A Brief Introduction to Calculus: Part 2.2 - Area Under the Curve

Math
Calculus
Further Math

Published on Fri Aug 05 2022. Views

An introduction to basic concepts in Calculus; mostly based on the IGCSE Further Math textbook.

Introduction

This series would primarily focus on the three fundamental areas of calculus - derivatives, limits, and integration, looking briefly at some of the different concepts to get started with calculus.; thus no prior knowledge of calculus is needed.

This is the second chapter of the second part of the series, and it is about finding the area under the curve.

Further content on this topic will be published in separate articles for performance reasons.

So now, let's sit back, relax, and have some fun!

Quick Access

Using Integration to Find the Area

Firstly, let's see how we can use definite integrals to calculate the exact area of a region bounded by the $x$ -axis, and the lines $x = a$ and $x = b$ .

The method for Riemann sum, which will be discussed later, is an approximation of the integral, because the value calculated from the integral is the limit of the Riemann sum, meaning that the approximation will always converge(approach) on the value of the integral.

The Basic Scenario

When the entirety of the region required is on one side of the $x$ -axis, we can find the area between the curve and the $x$ -axis, bounded by the limits $[a, b]$ using the definite integral:

\begin{align*} \int_{a}^{b} f(x)\, dx \end{align*}

Examples

The function of the curve is given by $f(x) = -x^2 + 10$ , find the exact area of the shaded region.

\begin{align*} a &= -2 \\ b &= 2 \\ \\ A &= \int_{-2}^{2} \left[-x^2 + 10\right]\, dx \\ &= \left[-\frac{1}{3}x^3 + 10x\right]_{-2}^{2} \\ &= 34\frac{2}{3} \end{align*}

The function of the curve is given by $f(x) = \left(x-4\right)\left(x+4\right)$ , find the exact area of the shaded region.

\begin{align*} I &= \int_{0}^{4} (x-4)(x+4)\, dx \\ &= \int_{0}^{4} \left(x^2 - 16\right)\, dx \\ &= \left[\frac{x^3}{3} - 16x\right]_{0}^{4} \\ &= -\frac{128}{3} \end{align*}

Now, because (in this context) area is a scalar quantity, we should take the absolute value of the integral.

\begin{align*} \therefore A &= |-\frac{128}{3}| \\ &= 42\frac{2}{3} \end{align*}

When the Region Is on Both Sides of the X-Axis

Consider the following case:

The function of the curve is given by $f(x) = -3\sin(x)$ . In the range of values we are looking at, the curve intercepts the x-axis at $x \in \{-\pi, 0, \pi\}$ .

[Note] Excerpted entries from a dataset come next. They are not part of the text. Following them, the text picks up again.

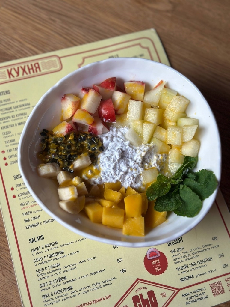 манго, банан, ананас, питахайя, маракуйя,сливочный крем с семенами чиа, мята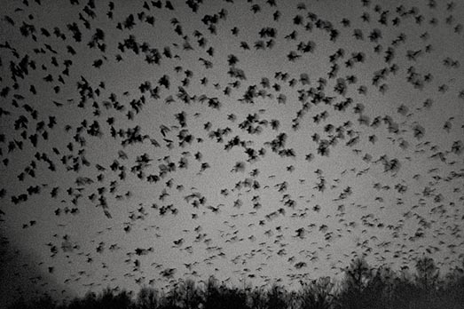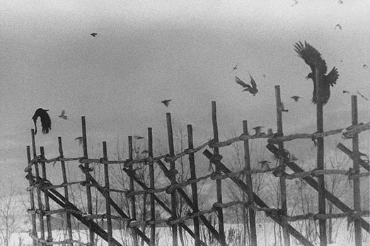 The Solitude of Ravens (Karusu) è un libro del fotografo giapponese Masahisa Fukase pubblicato per la prima volta nel 1984, che raccoglie una serie di immagini misteriose tutte in bianco e nero, dove i protagonisti principali sono stormi di corvi. Nel 1975 Fukase divorziò dalla moglie e durante un viaggio in treno per tornare a Hokkaido, sua città natale, venne ispirato dalla visione di questi uccelli. Così fino al 1982 continuò a scattare foto che riflettevano la sua storia, la fine dell’amore, il senso di solitudine e paura che lo accompagnava costantemente, in un periodo in cui iniziò a soffrire di depressione e avere problemi di alcolismo. Un viaggio scuro, incerto, negli abissi della mente di un uomo tormentato dalla sofferenza, che sembra prendere corpo in visioni sfocate che si susseguono ininterrottamente, come fossero ricordi sgranati.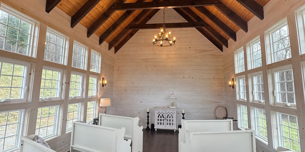 Our chapel boasts elegant decor and breathtaking views, making it the perfect backdrop for your wedding ceremony or photos with Mountain Views of the Smokies, Views of Lake Douglas, and the natural beauty of our property with 80 acres of rolling hills!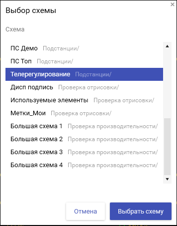 Возможность перехода к каталогу оперативных схем либо к одной указанной схеме.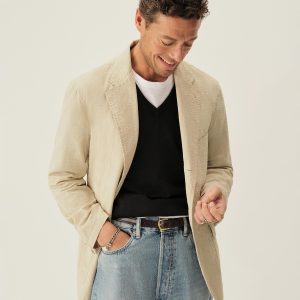 Tailored 3-roll-2 button blazer inspired by timeless vintage suiting. This 5 oz cotton seersucker has a rippled texture that wicks moisture and maintains airflow making it ideal for warmer climates. Details include two patch pockets, two internal welt pockets, and a notched lapel. We left it unlined and omitted the back vent and cuff buttons for a casual, streamlined look. Constructed with hand-linked seams and garment washed with enzymes and softener for a lived-in feel.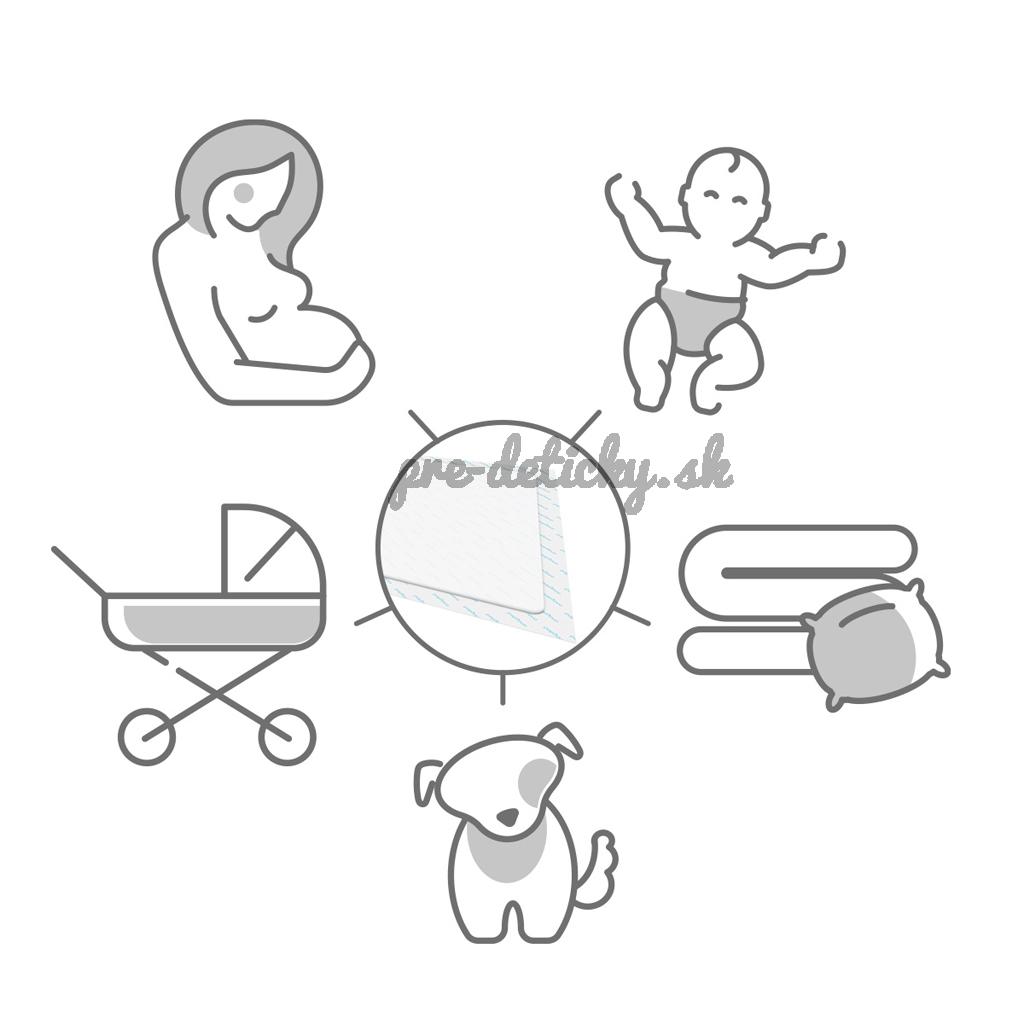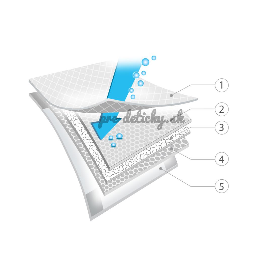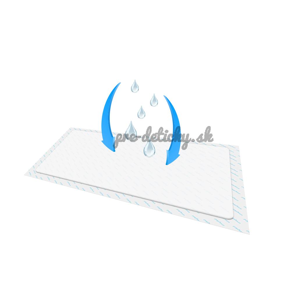 Superabsorpčný materiál vo vnútri podložky viaže vlhkosť rýchlo a neutralizuje akékoľvek nepríjemné pachy.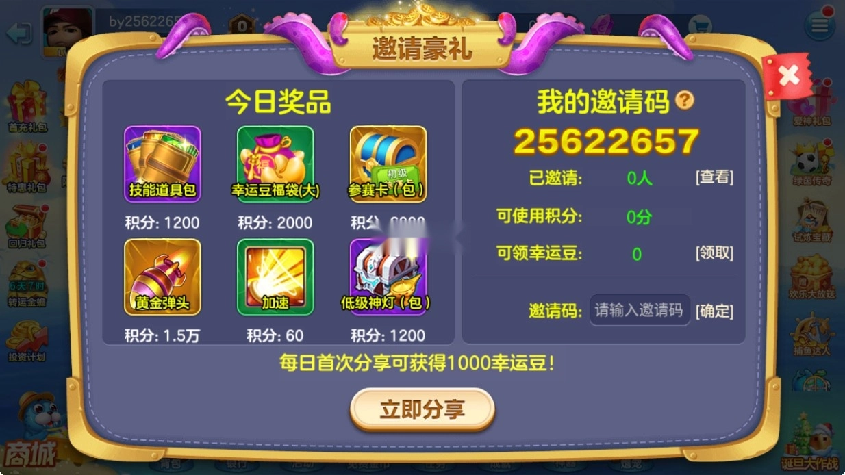 2.每日分享,玩家可通过捕鱼游戏内直接分享微信或者qq等,可以获得大量金币;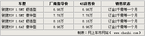 經(jīng)銷(xiāo)商透露,現(xiàn)在各店內(nèi)的FSV基本為展車(chē)或已被客戶(hù)預(yù)訂的車(chē)輛,基本沒(méi)有現(xiàn)車(chē)可以滿(mǎn)足消費(fèi)者的需要,消費(fèi)者如需購(gòu)買(mǎi)可以繳納2千元訂金后等待一個(gè)月左右即可提車(chē)。由于駿捷FSV現(xiàn)階段現(xiàn)車(chē)不足,所以店內(nèi)沒(méi)有任何形式的優(yōu)惠,請(qǐng)消費(fèi)者諒解。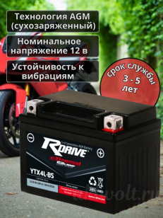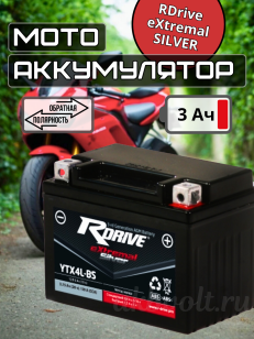 Мото аккумулятор мото RDrive eXtremal SILVER 3Ач обратная полярность YTX4L-BS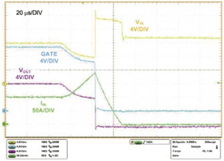 由于在檢測(cè)到故障之前允許建立起盡可能高的電流,圖1中電路的輸出兩端直接拉低的零阻抗短路尤其麻煩。在短路故障響應(yīng)時(shí)間之后,通路MOSFET最終是由“斷路器”故障條件下的熱插拔控制器命令關(guān)閉的,同時(shí)正向電流迅速被中斷。

If you set $a = -\pi$ and $b = \pi$ and use integration to find the area:

\begin{align*} A &= \int_{-\pi}^{\pi} \left[-3\sin(x)\right]\, dx \\ &= \Big[3\cos(x)\Big]_{-\pi}^{\pi} \\ &= -3 - (-3) = 0 \end{align*}

However, the area is clearly not 0. So how should we go about finding the area for regions like this?

To compute the correct area, split the region into different parts by their direction relative to the x-axis. In this case, calculate the area above the x-axis and add the area below the x-axis to obtain the final answer.

Note that when adding the respective parts, take the absolute value of the integral where necessary to avoid the subtraction of areas due to a negative result from an integral.

\begin{align*} A &= \int_{-\pi}^{0} -3\sin(x)\, dx+ \left| \int_{0}^{\pi} -3\sin(x)\, dx\right| \\ &= 3 + \mid-3\mid \\ &= 6 \end{align*}

Example

The function of the curve below is given by $f(x) = x(x - 1)(x + 3)$ .

Find the area of the finite region bounded by the x-axis and the curve.

\textnormal{When }y = 0\textnormal{, }x \in \{-3, 0, 1\}

\begin{align*} &x(x - 1)(x + 3) \\ =& x[x^2 + 2x - 3] \\ =& x^3 + 2x^2 - 3x \\ \end{align*}

\begin{align*} A &= \int_{-3}^{0} f(x)\, dx + \left|\int_{0}^{1} f(x)\, dx\right| \\ \\ F(x) &= \frac{x^4}{4} + \frac{2}{3}x^3 - \frac{3}{2}x^2 \\ A &= F(0) - F(-3) + \left|F(1) - F(0)\right| \\ &= 11\frac{5}{6} \end{align*}

Riemann Sum

The Riemann sum is a strategy for estimating the area under a curve by dividing the area into $n$ rectangular strips, where each rectangle has a defined width, namely $\Delta x$ , and its height is defined by the $y$ value calculated using each x value $f(x_i)$ .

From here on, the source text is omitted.